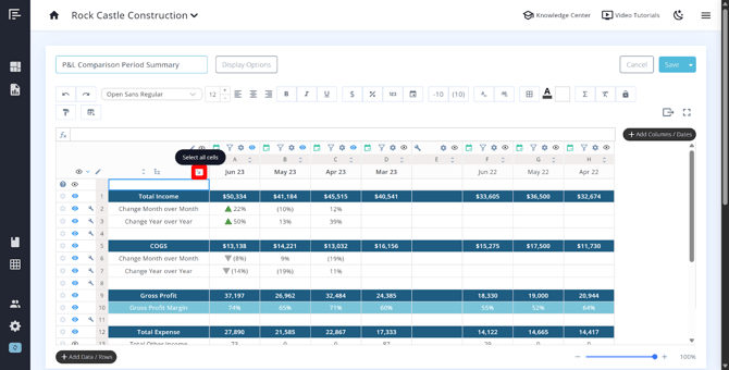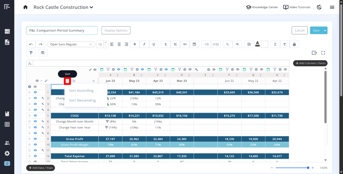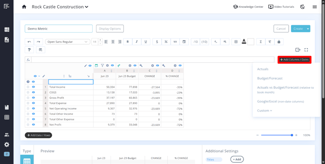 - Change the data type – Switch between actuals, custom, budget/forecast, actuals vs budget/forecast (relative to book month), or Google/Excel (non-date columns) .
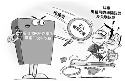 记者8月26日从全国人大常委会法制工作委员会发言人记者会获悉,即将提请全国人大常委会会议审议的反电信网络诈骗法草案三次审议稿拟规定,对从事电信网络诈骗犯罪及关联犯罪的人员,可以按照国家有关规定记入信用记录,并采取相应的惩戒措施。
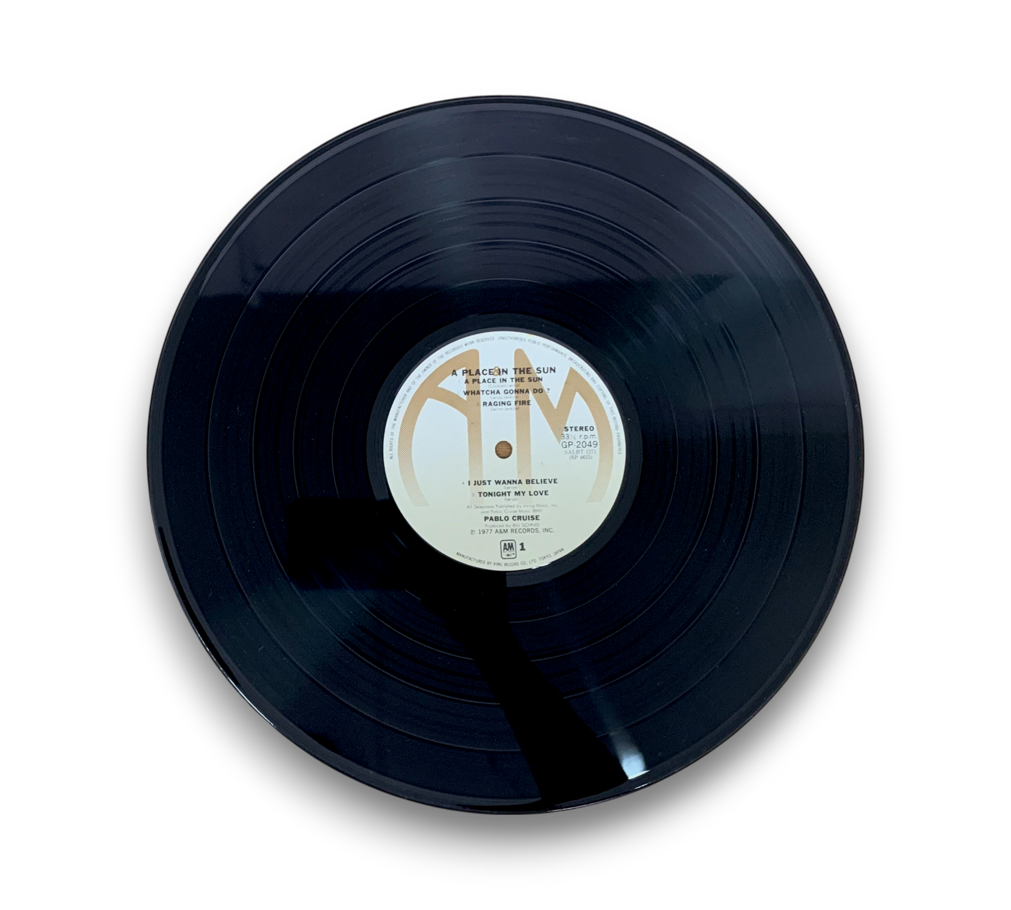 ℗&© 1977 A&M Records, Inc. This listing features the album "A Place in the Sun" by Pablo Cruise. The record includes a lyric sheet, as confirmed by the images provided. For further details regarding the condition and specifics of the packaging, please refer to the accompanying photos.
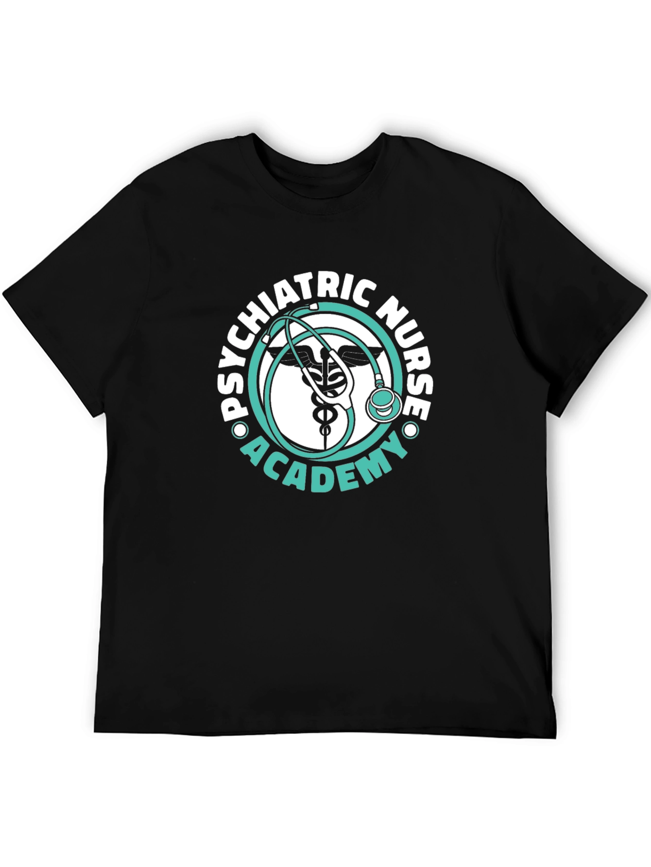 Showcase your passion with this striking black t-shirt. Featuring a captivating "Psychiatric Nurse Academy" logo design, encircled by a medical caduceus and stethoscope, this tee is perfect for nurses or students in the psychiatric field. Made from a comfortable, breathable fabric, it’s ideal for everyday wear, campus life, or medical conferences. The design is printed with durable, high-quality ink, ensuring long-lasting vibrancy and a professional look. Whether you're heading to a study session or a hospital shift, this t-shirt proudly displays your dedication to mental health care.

_Task statement:_ The entire listing above, word for word and without pictures, is what should be output.

_The completed task:_
 - Change the data type – Switch between actuals, custom, budget/forecast, actuals vs budget/forecast (relative to book month), or Google/Excel (non-date columns) .
 记者8月26日从全国人大常委会法制工作委员会发言人记者会获悉,即将提请全国人大常委会会议审议的反电信网络诈骗法草案三次审议稿拟规定,对从事电信网络诈骗犯罪及关联犯罪的人员,可以按照国家有关规定记入信用记录,并采取相应的惩戒措施。
 ℗&© 1977 A&M Records, Inc. This listing features the album "A Place in the Sun" by Pablo Cruise. The record includes a lyric sheet, as confirmed by the images provided. For further details regarding the condition and specifics of the packaging, please refer to the accompanying photos.
 Showcase your passion with this striking black t-shirt. Featuring a captivating "Psychiatric Nurse Academy" logo design, encircled by a medical caduceus and stethoscope, this tee is perfect for nurses or students in the psychiatric field. Made from a comfortable, breathable fabric, it’s ideal for everyday wear, campus life, or medical conferences. The design is printed with durable, high-quality ink, ensuring long-lasting vibrancy and a professional look. Whether you're heading to a study session or a hospital shift, this t-shirt proudly displays your dedication to mental health care.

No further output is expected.